DPI approach offers one way to democratise access to AI infrastructure by building shared, standards-based layers that enhance access, interoperability, accountability, and trust.

Need for DPI Approach for AI Development
- Reduce AI Dependence and enhance Digital Sovereignty: Build domestic AI capabilities to reduce reliance on costly foreign AI services.
- Democratise AI: Open compute, datasets, and models enable startups, MSMEs, and researchers.
- Smarter Governance: Enables predictive public services, fraud detection, and better policy delivery.

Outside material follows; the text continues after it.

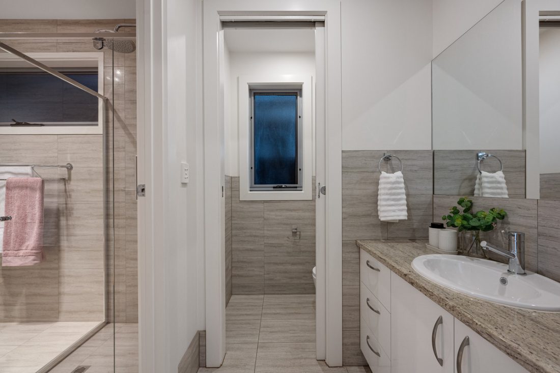 Back inside, up to four well-sized bedrooms deliver comfort and flexibility. The master suite is a private retreat with a walk-in robe, additional built-in storage, and a luxurious ensuite featuring floor-to-ceiling tiling, sleek vanity, and contemporary fittings. The remaining bedrooms are serviced by a thoughtfully designed three-part bathroom with separate bath, shower, toilet, and dedicated vanity area — perfect for busy households. A laundry with built-in cabinetry and outdoor access rounds out the practical floor plan.

- E.g. multilingual, voice-based AI for last-mile governance.
Challenges
- Capacity Gaps: India generates ~20% of global data but has only ~3% of data centre capacity and <5% of AI compute; infrastructure concentrated in Tier-1 cities.
- Energy Constraints: AI infrastructure requires expansion of electricity and cooling systems.
- High Entry Barriers: Expensive GPUs, TPUs, and HPC limit access for startups and research institutions.
- Uneven AI Adoption: Slow in agriculture, public services etc.
- Data Governance: Ensuring privacy, interoperability, and security under the DPDP Act, 2023.
Recommendations
AI-DPI Enablers: People (AI skilling), Infrastructure (cloud, GPUs), and Governance (Responsible AI & DEPA).
- Adopt DPI & DPG Approach: Treat AI datasets, compute, and model hubs as Digital Public Goods (DPGs).
- Expand Compute Access: Under IndiaAI Mission, National Supercomputing Mission and India Semiconductor Mission.
- Build Shared Data Repositories: Expand platforms like AIKosh, Bhashini, TGDeX with federated data sharing.
- Regional and Green Infrastructure: Develop Tier-2/3 edge data centres through PPPs and state incentives; Promote renewable-powered, energy-efficient data centres.
- Support Indigenous AI: Provide compute credits and funding for sovereign AI models and local-language applications.